Highway geometric design elements are under constant research and development. The models involving a direct relationship with human factors underwent several updates to enhance their accuracy and increase roadway safety. This study evaluates the effect of having a fully autonomous vehicle fleet on highway geometric design elements. The effect of complete elimination of the human driver is investigated and design standards are reassessed resulting in proposed models that will replace the current models for the following design elements: SSD, DSD, length of crest vertical curve, and length of sag vertical curve. We note that this research does not evaluate highway geometric design standards based on the coexistence of fully autonomous vehicles and nonautonomous vehicles. The futuristic approach assumes that fully autonomous vehicles will govern the roads in the future and when they do, highway design should be reassessed.

Once fully autonomous vehicles represent 100% of the traffic fleet, the suggested changes result in cheaper road designs with a reduced environmental footprint. To quantify the effect of the updated models, a roadway previously designed according to current standards was redesigned according to the proposed future standards. The results validated the economic and environmental benefits of the proposed models through the reduced cut and fill volumes of the new design and the flexibility to use shorter vertical curves.

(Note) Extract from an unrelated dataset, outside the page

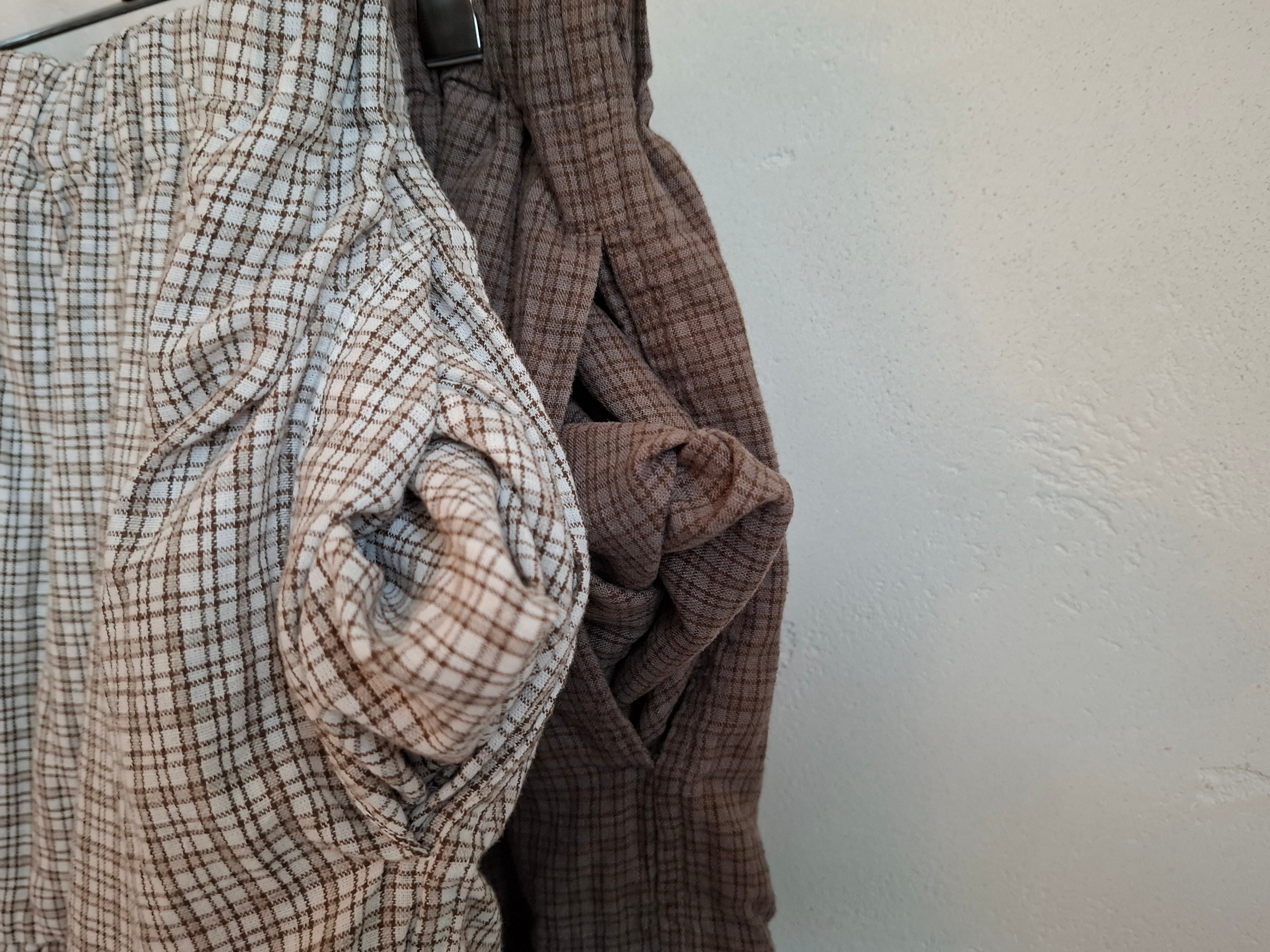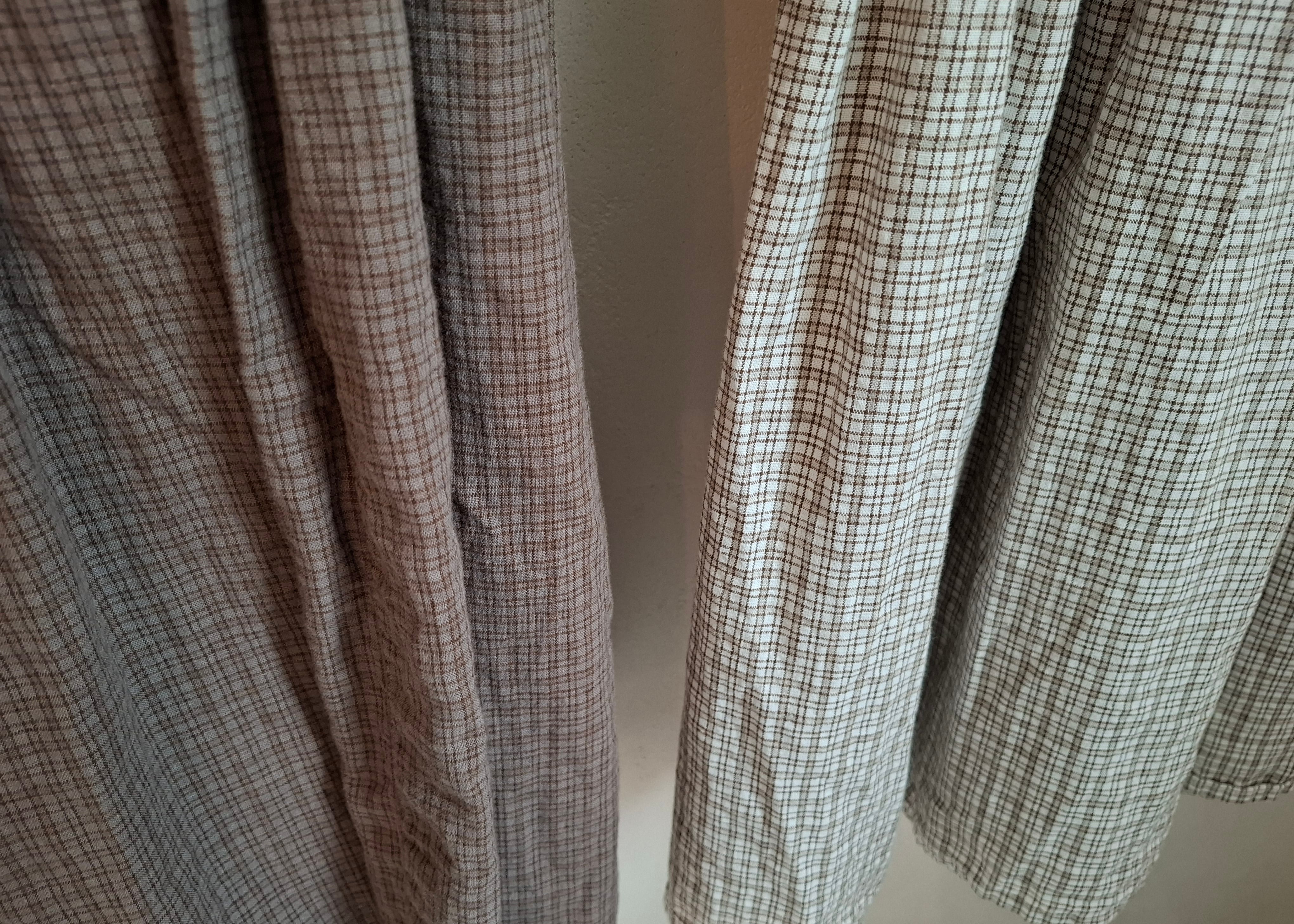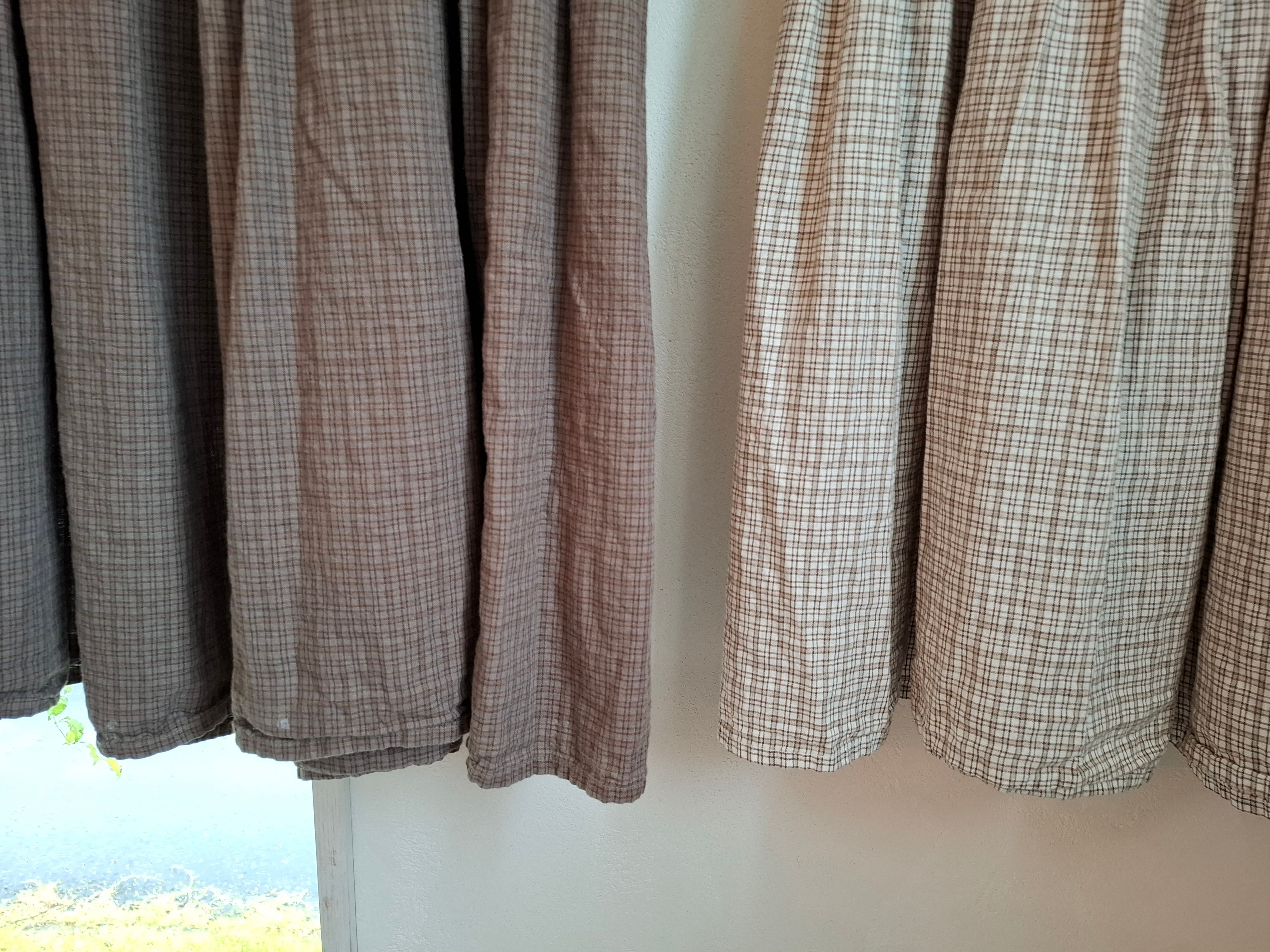 リネン糸を豊富に使用し紡績糸とトップ糸を組み合わせて織られたチェック柄生地です。

Noting that the currently existing infrastructure provides higher capacity for a fully autonomous vehicles fleet, this research applies to prospective roads that shall be constructed in the future having a fully automated vehicle as the design vehicle.

This study represents a step forward towards the future of transportation and accounts for the presence of fully autonomous vehicles and their effect on several highway geometric design elements in a simple scenario. There are more aspects that need to be investigated and accounted for in later studies. Future work shall focus not only on the direct but also on the indirect effects of shifting towards an autonomous vehicle fleet. The reduction in the DSD models for avoidance maneuvers C, D, and E will be investigated in detail. This significant reduction in DSD will have direct impacts on current traffic design concepts and on highway signage concepts. This paper only discussed the PRT portion of the SSD model. In current practice, the SSD used in both crest and sag vertical curves equations is based on 0% grade, which differs from reality and should be accurately calculated in an autonomous vehicle environment. The current braking distance of the SSD model will also be affected and will be analyzed in more detail. Compared to human drivers, autonomous vehicles can apply the brakes harder/faster and more evenly, while better utilizing the antilock braking systems. Moreover, regarding SSD provision in autonomous vehicle environment, there are other factors besides PRT as well as the vertical location of the LiDAR that greatly affect the final SSD value. While this study takes those two parameters into consideration for a preliminary investigation, other factors should be investigated in future work.

Data Availability

The data used to support the findings of this study are available from the corresponding author upon request.

Conflicts of Interest

The authors declare that they have no conflicts of interest.

Acknowledgments

This research is funded by the Lebanese American University and the National Council for Scientific Research (Grant # 859).